Suppose we are interested in characterizing 1.69-oz (47.9-g) packages of plain M&Ms. We obtain 30 bags (ten from each of three stores) and, for each bag, report the number of blue, brown, green, orange, red, and yellow M&Ms—for yellow, the number in parentheses is the number of yellow M&Ms in the first five drawn from the bag—and their combined net weight. Table 2 summarizes the data for the last six samples. The full set of data for all 30 samples is available as a separate spreadsheet or R file.
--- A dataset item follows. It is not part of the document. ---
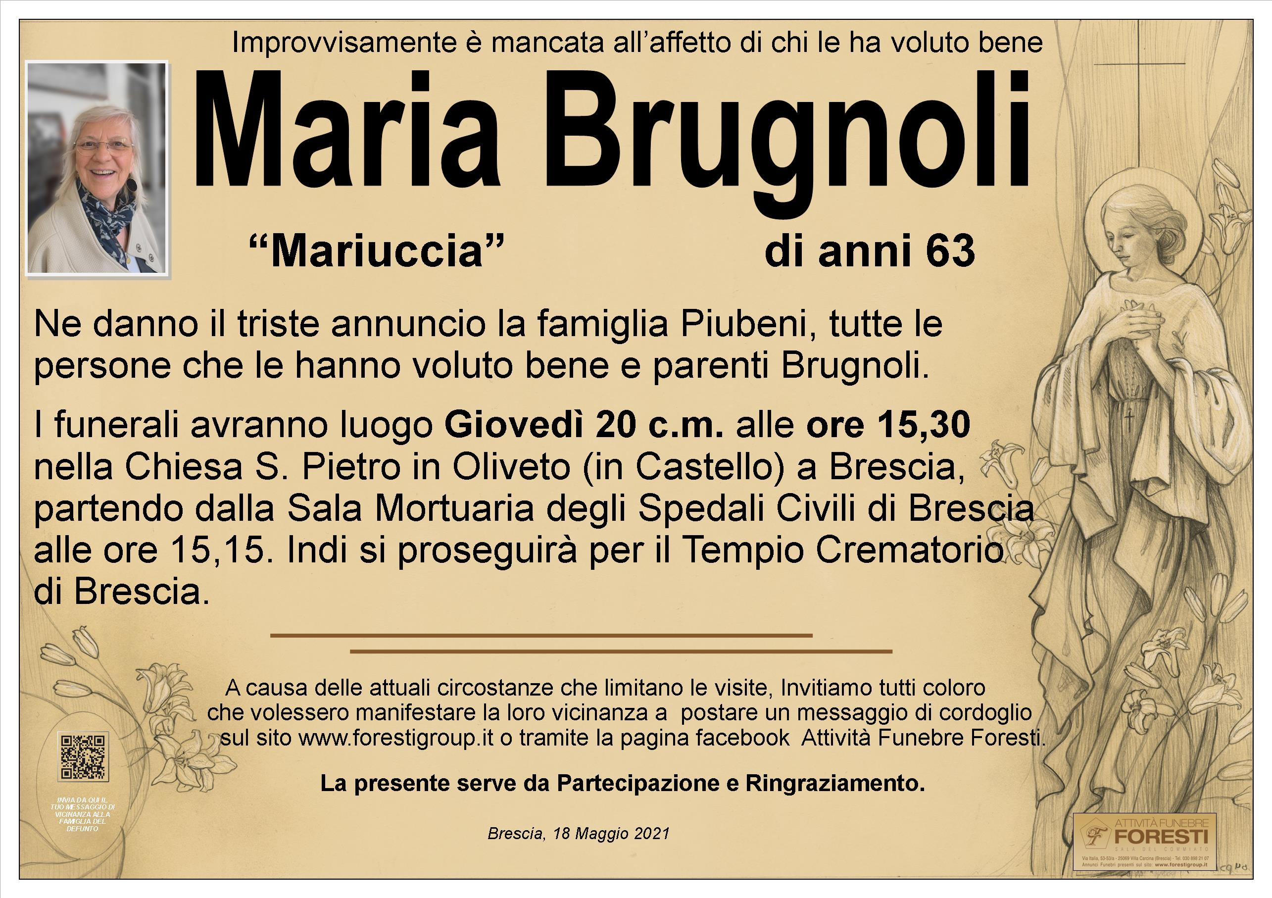 I funerali avranno luogo Giovedì 20 c.m. alle ore 15,30 nella Chiesa S. Pietro in Oliveto (in Castello) a Brescia, partendo dalla Sala Mortuaria degli Spedali Civili di Brescia alle ore 15,15. Indi si proseguirà per il Tempio Crematorio di Brescia.

bag id | store | blue | brown | green | orange | red | yellow | net weight (g) |
---|---|---|---|---|---|---|---|---|
25 | CVS | 07 | 13 | 00 | 04 | 15 | 16 (2) | 48.212 |
26 | Target | 06 | 15 | 01 | 13 | 10 | 14 (1) | 51.682 |
27 | CVS | 05 | 17 | 06 | 04 | 08 | 19 (1) | 50.802 |
28 | Kroger | 01 | 21 | 06 | 05 | 19 | 14 (0) | 49.055 |
29 | Target | 04 | 12 | 06 | 05 | 13 | 14 (2) | 46.577 |
30 | Kroger | 15 | 08 | 09 | 06 | 10 | 08 (1) | 48.317 |
Having collected some data, our next step is to examine it for possible problems, such as missing values or errors introduced when we recorded the data, or to identify important variables and interesting patterns or trends within or between these variables. Although this information is embedded within the data itself, often it is difficult to see it when the data is displayed as a table, particularly if the data set is large in size. Instead, we use one or more simple visualizations of the data.
Two simple visualizations are box and whisker plots and dot plots, examples of which are shown in Figure 1 using the data for yellow M&Ms. Note that neither plot has meaningful information along the y-axis as the vertical dimension simply helps us visualize the data. The vertical distribution of points in the dot plot, for example, is the result of jittering, which offsets samples that share a com-mon value so that, we hope, each appears as a distinct point.
Investigation 6. Use the dot plot in Figure 1 to deduce the general structure of a box and whisker plot, giving particular attention to the position along the x-axis of the three vertical lines that make up the yellow box and the two vertical lines that make up the whiskers on either side of the yellow box. You might begin by tabulating the number of samples that fall to the left of the box, that fall within the box, including its boundaries, and that fall to the right of the box, and the number of samples that lie to the left and to the right of line inside the box.